INFORMATION SUPPLIED:
-- -- --
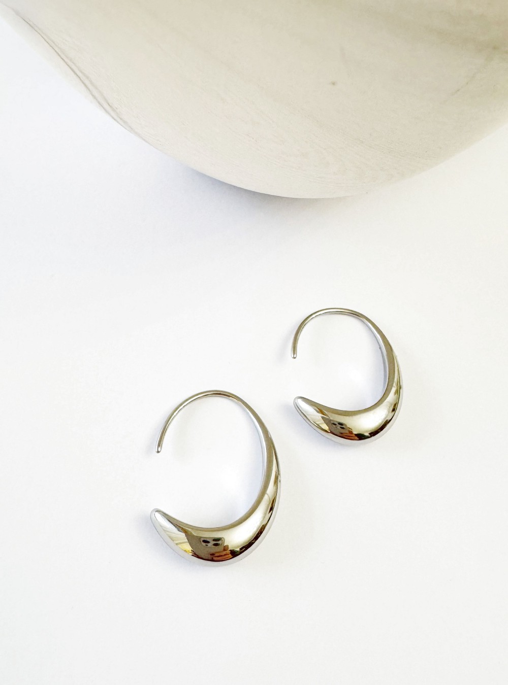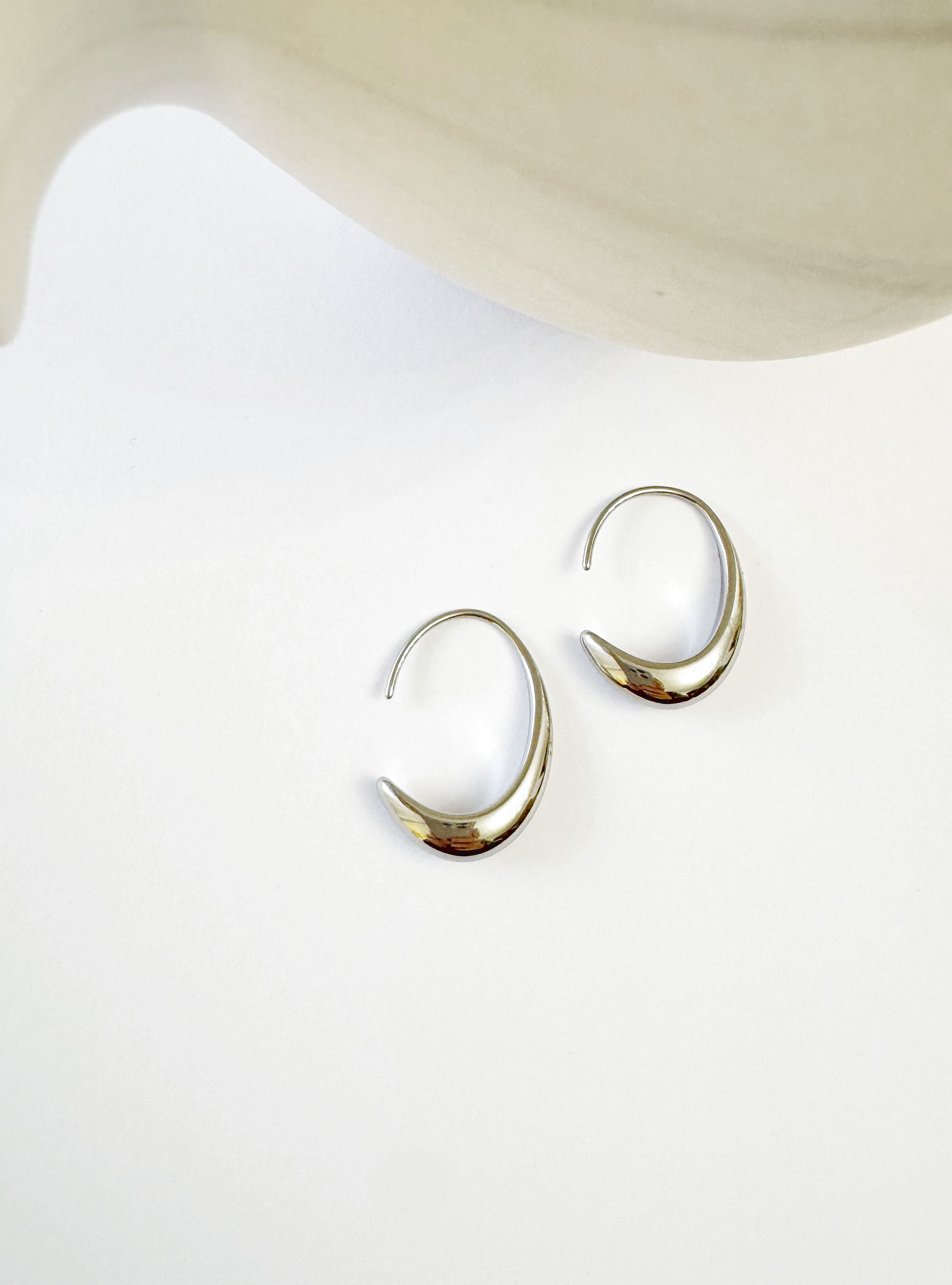 Pendientes de aro irregular abiertos en la parte de atrás de la colección de Bold & Hill.
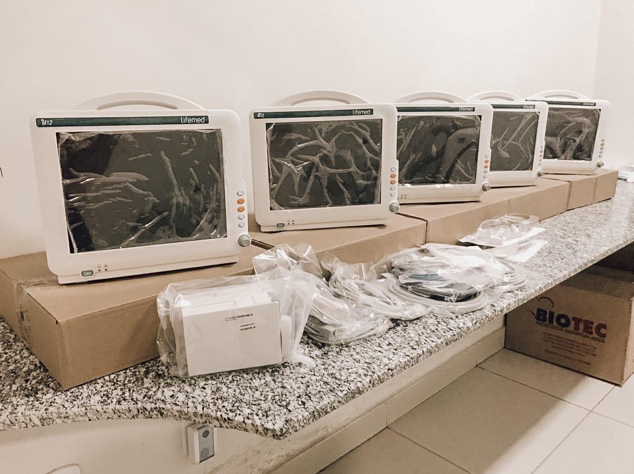 Foram entregues cinco respiradores novos, um carro de anestesia, um berço aquecido, cinco monitores, além medicamentos, testes rápidos, material de limpeza, luvas, máscaras, aventais e diversos insumos, alguns doados pela Secretaria Estadual de Saúde.
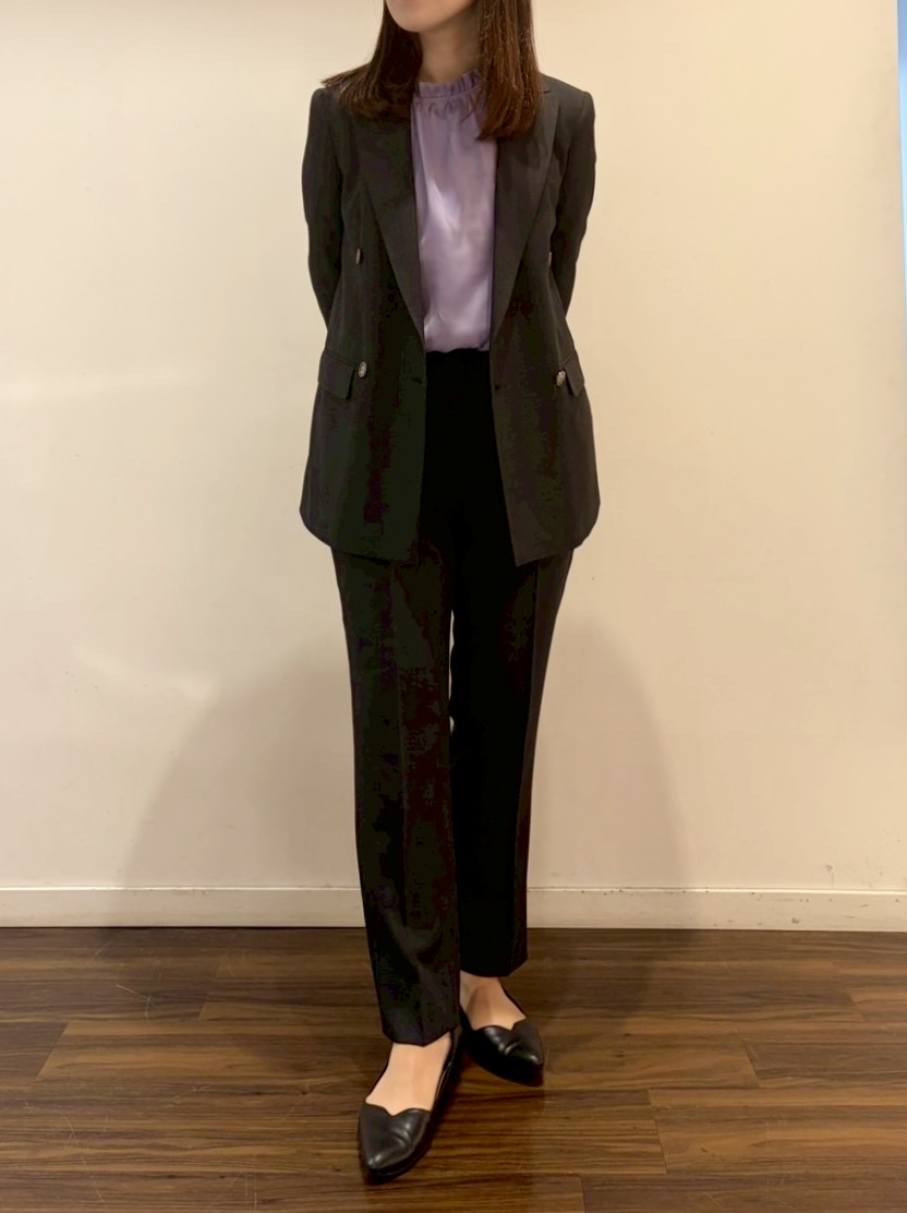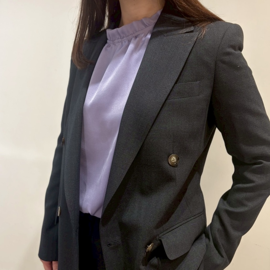 チャコールグレーやネイビー等ベーシックなスーツのインナーにおすすめです✨
-- -- --
REQUIREMENT:
Return the whole listing word for word, minus its pictures.

ANSWER TO THE EXERCISE:
 Pendientes de aro irregular abiertos en la parte de atrás de la colección de Bold & Hill.
 Foram entregues cinco respiradores novos, um carro de anestesia, um berço aquecido, cinco monitores, além medicamentos, testes rápidos, material de limpeza, luvas, máscaras, aventais e diversos insumos, alguns doados pela Secretaria Estadual de Saúde.
 チャコールグレーやネイビー等ベーシックなスーツのインナーにおすすめです✨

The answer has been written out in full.